DATA:
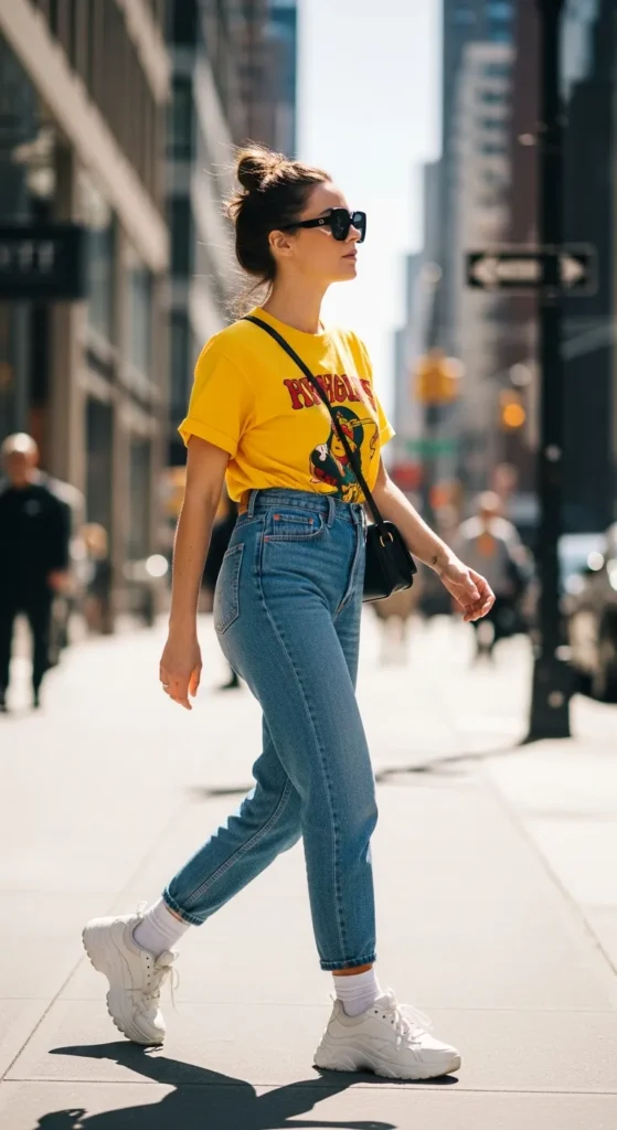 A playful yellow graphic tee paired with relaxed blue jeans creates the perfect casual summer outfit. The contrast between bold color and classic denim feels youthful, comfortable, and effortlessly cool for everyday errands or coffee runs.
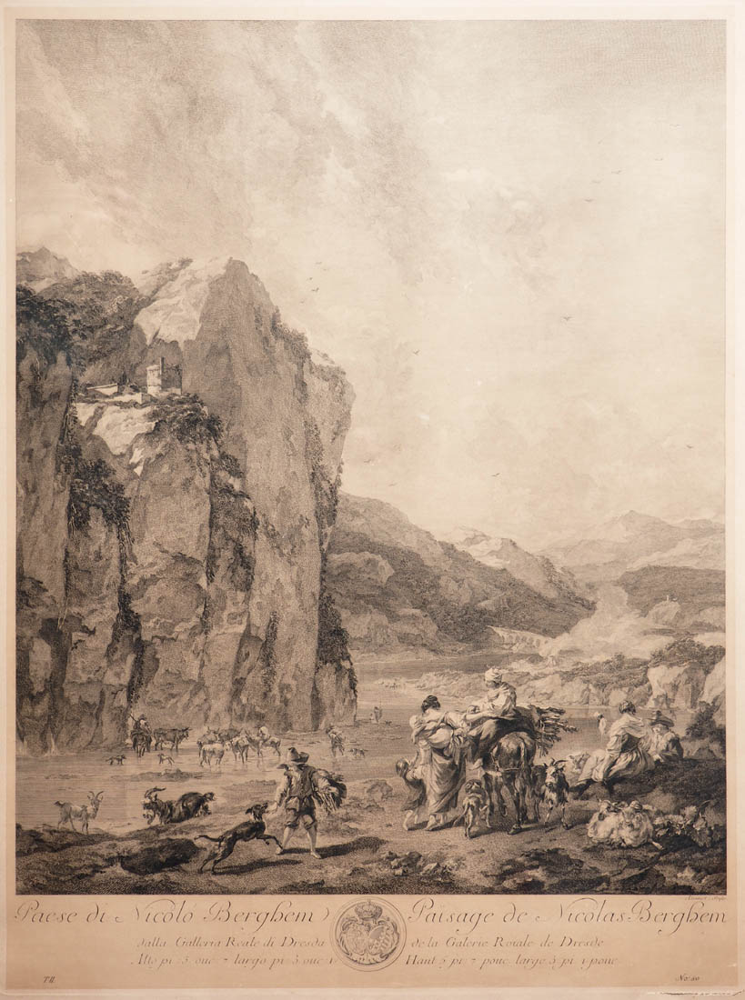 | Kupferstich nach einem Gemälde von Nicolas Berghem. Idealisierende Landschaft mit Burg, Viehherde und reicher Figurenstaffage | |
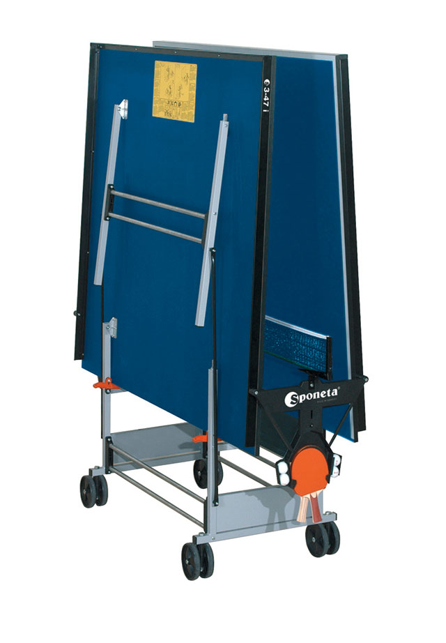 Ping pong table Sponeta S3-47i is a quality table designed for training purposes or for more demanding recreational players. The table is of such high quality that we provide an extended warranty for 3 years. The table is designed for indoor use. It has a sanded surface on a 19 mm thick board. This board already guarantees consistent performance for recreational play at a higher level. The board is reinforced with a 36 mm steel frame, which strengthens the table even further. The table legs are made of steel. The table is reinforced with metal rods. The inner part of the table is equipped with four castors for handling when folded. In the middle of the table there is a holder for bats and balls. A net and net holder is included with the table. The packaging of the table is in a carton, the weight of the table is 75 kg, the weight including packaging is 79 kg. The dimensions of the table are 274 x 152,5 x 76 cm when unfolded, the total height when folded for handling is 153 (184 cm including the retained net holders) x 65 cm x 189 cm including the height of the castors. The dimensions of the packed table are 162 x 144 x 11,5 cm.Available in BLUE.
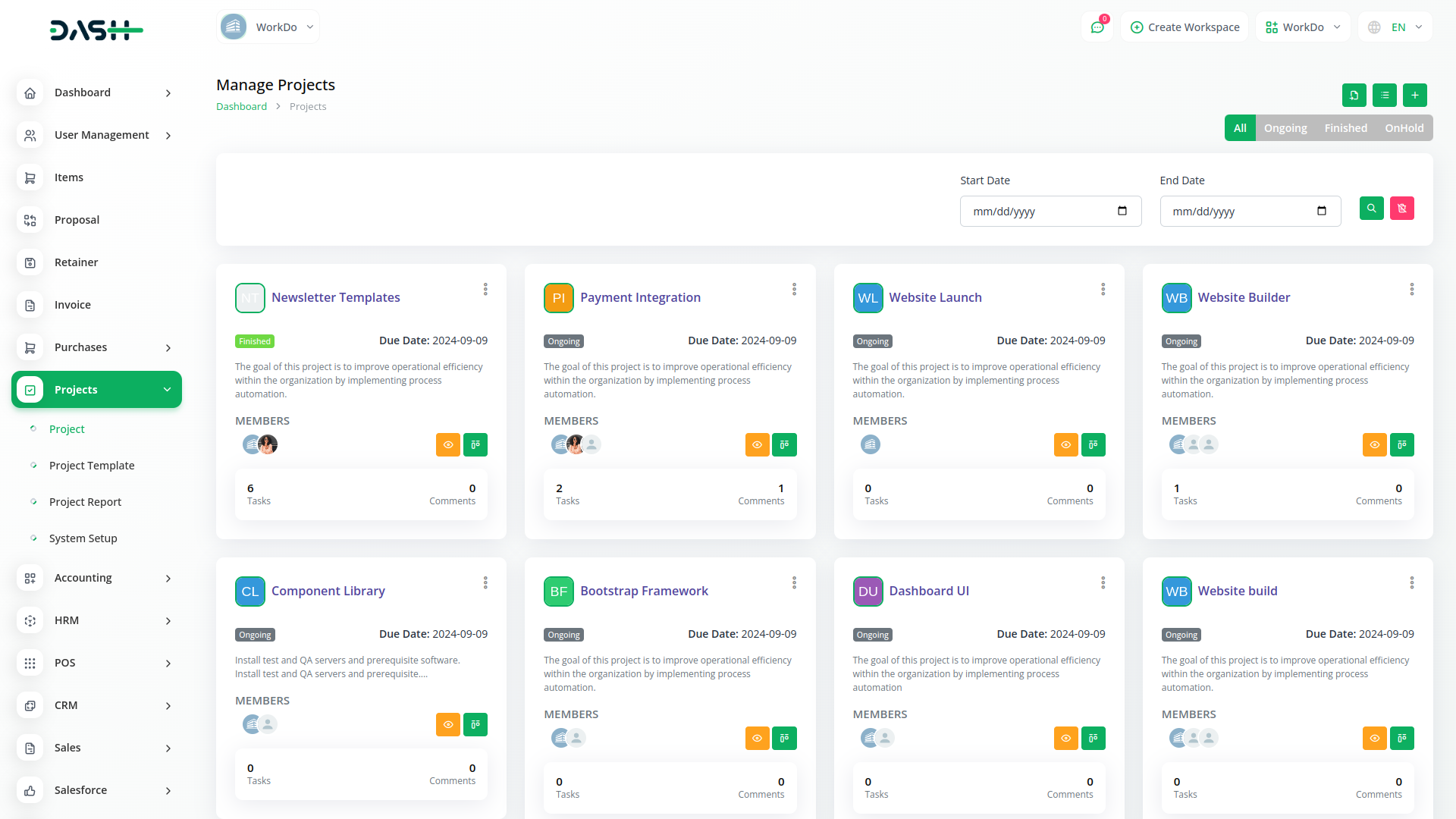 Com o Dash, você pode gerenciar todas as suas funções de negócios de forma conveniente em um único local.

BRIEF:
Reproduce the listing above exactly, but skip the pictures.

WRITTEN REPLY:
 A playful yellow graphic tee paired with relaxed blue jeans creates the perfect casual summer outfit. The contrast between bold color and classic denim feels youthful, comfortable, and effortlessly cool for everyday errands or coffee runs.
 | Kupferstich nach einem Gemälde von Nicolas Berghem. Idealisierende Landschaft mit Burg, Viehherde und reicher Figurenstaffage | |
 Ping pong table Sponeta S3-47i is a quality table designed for training purposes or for more demanding recreational players. The table is of such high quality that we provide an extended warranty for 3 years. The table is designed for indoor use. It has a sanded surface on a 19 mm thick board. This board already guarantees consistent performance for recreational play at a higher level. The board is reinforced with a 36 mm steel frame, which strengthens the table even further. The table legs are made of steel. The table is reinforced with metal rods. The inner part of the table is equipped with four castors for handling when folded. In the middle of the table there is a holder for bats and balls. A net and net holder is included with the table. The packaging of the table is in a carton, the weight of the table is 75 kg, the weight including packaging is 79 kg. The dimensions of the table are 274 x 152,5 x 76 cm when unfolded, the total height when folded for handling is 153 (184 cm including the retained net holders) x 65 cm x 189 cm including the height of the castors. The dimensions of the packed table are 162 x 144 x 11,5 cm.Available in BLUE.
 Com o Dash, você pode gerenciar todas as suas funções de negócios de forma conveniente em um único local.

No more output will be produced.